Continuous Random Variables

  • Continuous random variables can take any value within an interval, including infinitely many possible values.
  • Examples include height, time to failure, or any measurement along a continuum.
  • The variable can take on values like 3.1, 3.12, or any number in the range.

Probability Density Functions (PDF)

  • Continuous random variables are modeled using a probability density function (f(x)), a curve describing likelihoods.
  • The PDF gives the height of the curve at each value of x.
  • For continuous variables, probability is represented by the area under the curve, not the height.

Calculating Probabilities

  • Probability that a continuous random variable falls between values a and b is the area under the curve from a to b.
  • The probability of the variable being exactly any specific value (e.g., P(X = a)) is always zero.
  • It makes sense only to discuss probabilities for intervals, not single points.

Properties of PDFs

  • f(x) must be at least zero for all x (f(x) ≥ 0).
  • The total area under the PDF curve is exactly one.
  • f(x) can have values greater than one, but total area stays one.

Common Continuous Distributions

  • The normal distribution is a key example, with its characteristic bell-shaped curve.
  • The uniform distribution has a constant f(x) over its interval.
  • The exponential distribution is used for modeling decay and similar processes.

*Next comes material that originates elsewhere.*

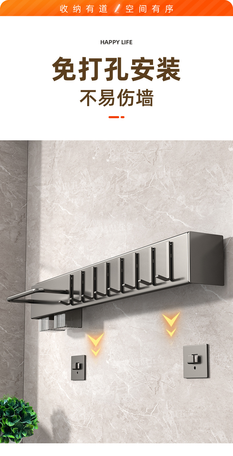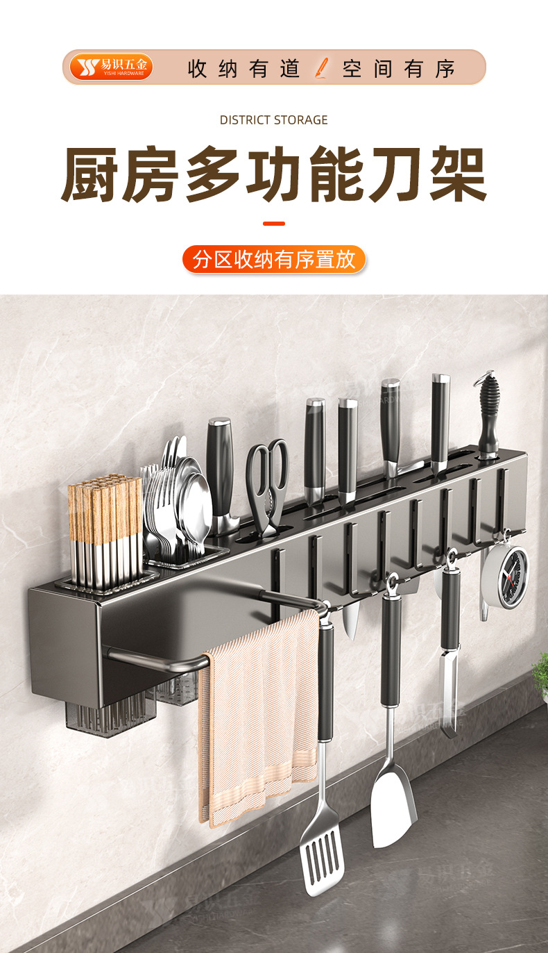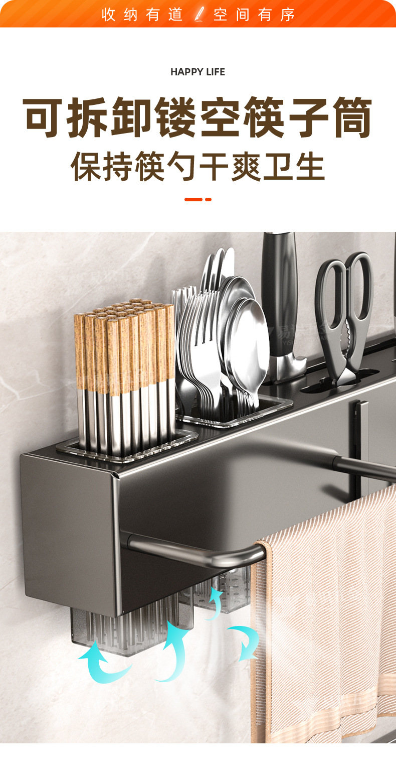 Fabricante de cuchillos de cocina sin agujeros de perforación espesación multifuncional palillos cuchillo de inserción de tubo de almacenamiento integrado pared colgante estante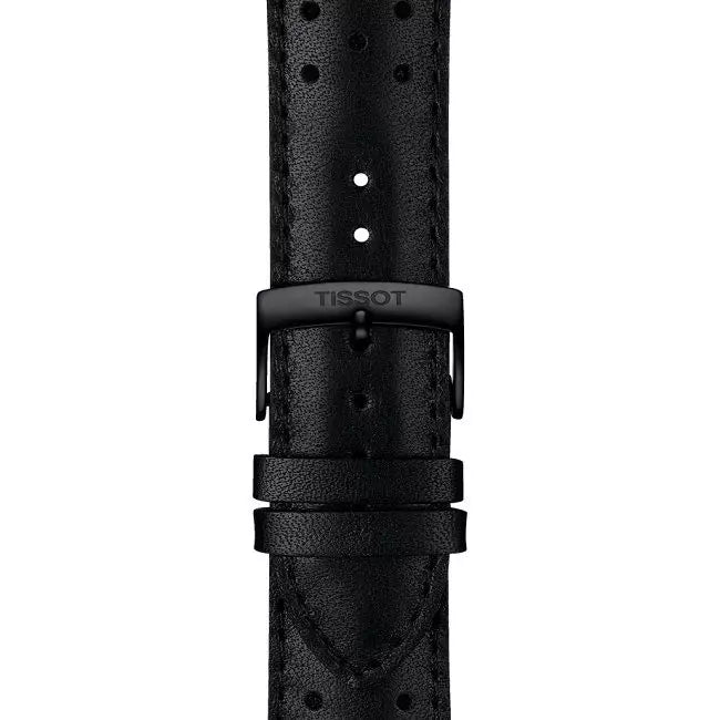 Black dial enhanced by luminous silver-tone hands. Black PVD stainless steel case with a black perforated leather band. Quartz movement. 100 meters / 330 feet water resistance. Fixed bezel. Scratch Resistant Sapphire crystal. Solid caseback. Tang clasp. Case size 42.5 mm x 11.22 mm. Band 20 mm x 8 incheslong. Tissot T106.417.36.051.00 T-Sport V8 Watch.

Calculating Probabilities & Percentiles

  • Probabilities and percentiles are computed by integrating the PDF over desired intervals.
  • Statistical software or tables are typically used to compute these integrals in practice.

Key Terms & Definitions

  • Continuous random variable — A variable that can take any value within an interval.
  • Probability Density Function (PDF) — A function f(x) giving the likelihood of a random variable at value x.
  • Area under the curve — Represents the probability a variable falls within a certain range.
  • Normal distribution — A symmetric, bell-shaped continuous distribution.
  • Uniform distribution — A distribution where all values in an interval are equally likely.
  • Exponential distribution — A distribution often modeling time to an event (e.g., decay).

Action Items / Next Steps

  • Review examples of continuous probability distributions in your textbook.
  • Practice calculating probabilities as areas under curves using PDFs.
  • Familiarize yourself with using statistical tables or software for integration.